Plus sérieusement (donc pas uniquement sérieusement, je ne sais pas faire ça, surtout quand je suis mal à l'aise ; et là, wow, la jauge est haute) : j'écris ce message parce que j'ai quelques questions sur une déconstruction en cours… et pas seulement sur la mienne... Moi, je crois avoir détruit le plafond et les cloisons, c'est bon, donc de mon côté, a priori, il ne reste que les murs porteurs et quelques meubles dont j'ai du mal à me séparer… Par contre, du côté de mes murs porteurs, autrement dit ma dame, je crois que seules les fenêtres ont été ouvertes… donc l'idée d'aérer est là, j'en suis ravi, mais je crains que les portes ne claquent si le courant d'air passe… Alors, j'ai des questions, plein, et je prendrais volontiers vos éventuelles réponses, surtout si elles sont meilleures que les pessimistes que je vois, quand j'en vois… car si ma mue est une sortie de crise, je me demande si cette sortie ne sera pas aussi l'entrée d'une autre crise… Bref, j'aimerais bien savoir ce que vous décideriez dans ma situation ; si d'un regard extérieur, vous la trouvez saine ou savonneuse. D'avance, merci beaucoup.
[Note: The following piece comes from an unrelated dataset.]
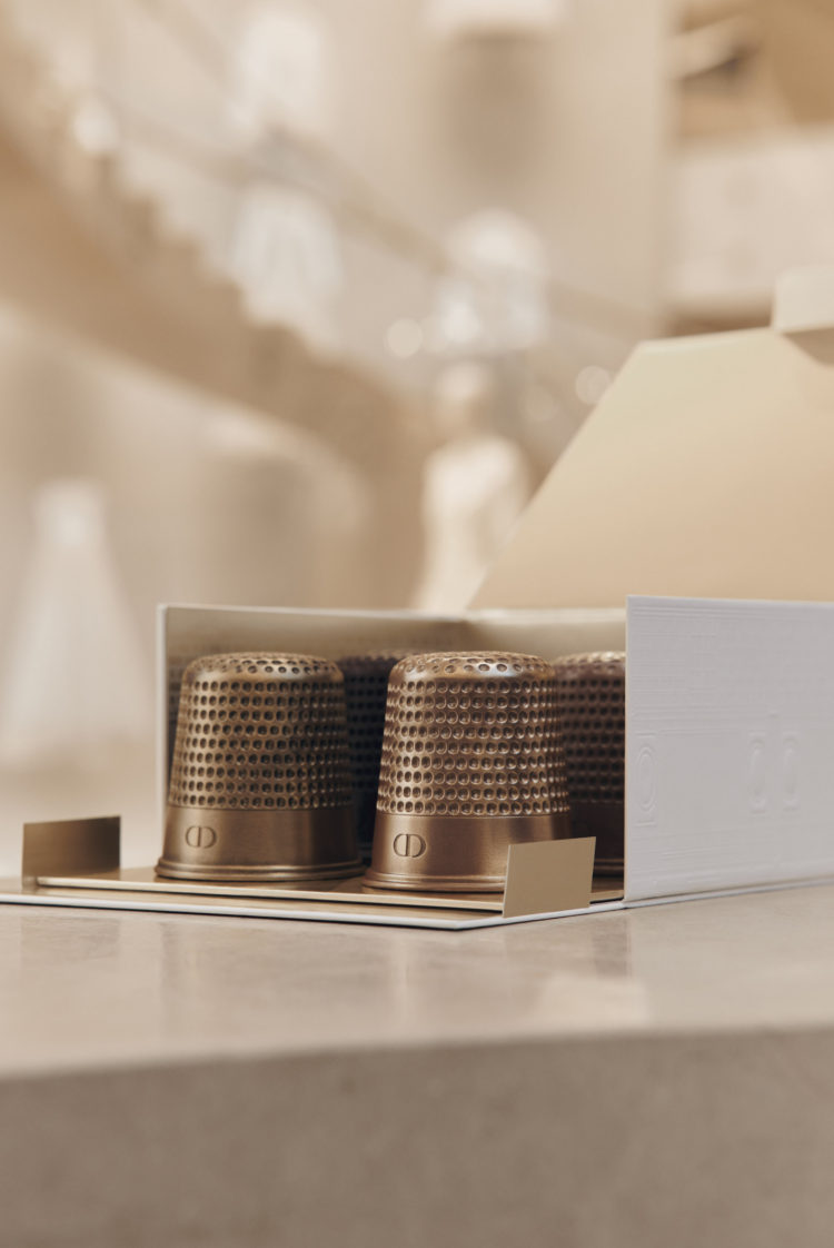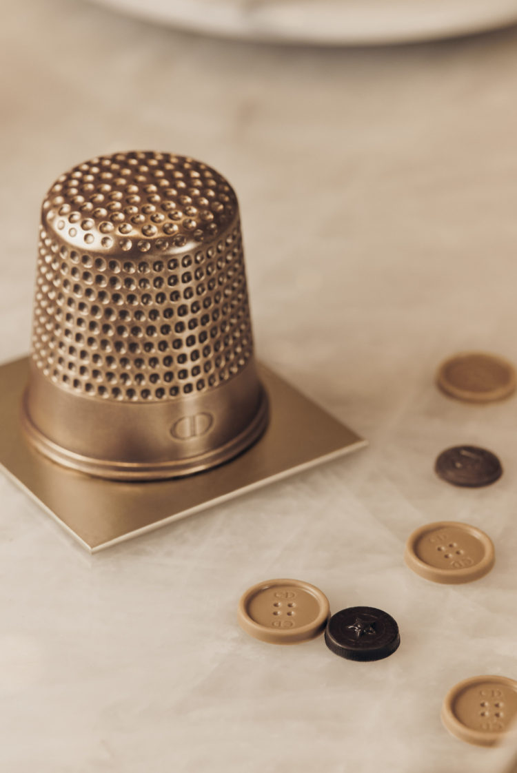 指ぬきの形をしたチョコレートを割ると、ムッシュ ディオールの幸福のシンボルである星の絵や、「CD」の文字が刻まれたボタンの形のチョコレートなどが入っている。ギフトとして持ち帰ることができるほか、店内のカフェスペースでも注文可能。「ラ パティスリー」のシェフ、ジャン・アンペールは、人気料理番組「トップシェフ」に出演したことで一躍有名になったフランスを代表する料理人の一人。店舗に備えられた三つ星レストラン「Monsieur Dior」や、ファレルウィリアムスが経営するレストランの料理長も兼任している。

J'ai parlé, dans mon premier message ici, de mon état quantique de "j'ai déjà été polya mais sans l'être" (pour résumer l'épisode précédent : j'ai été avec une femme qui était aussi avec un autre homme, ce que j'acceptais bien, du fait de ma déficience en possessivité, puis elle a rompu quand j'ai envisagé de rencontrer l'autre homme ; à présent, de par cette expérience au bilan mitigé, le polya me semble être le chemin pour garder en vie mon couple qui est devenu, à mon grand désarroi, une "amitié avec enfants"). J'imagine que mon état est plus simple à vivre que le vôtre, vous qui vivez vraiment les problèmes et les joies d'être polya, et non ceux d'un "peut-être" basé sur un fait revisité au piment des polyas, alors que dans ce fait, j'étais seulement un cocu content… Pour pouvoir juger ma situation, je dois être plus complet que ce premier jet ; poser au mieux le contexte de mes questions. Il y a beaucoup à dire donc d'avance merci pour votre temps, si vous lisez tout…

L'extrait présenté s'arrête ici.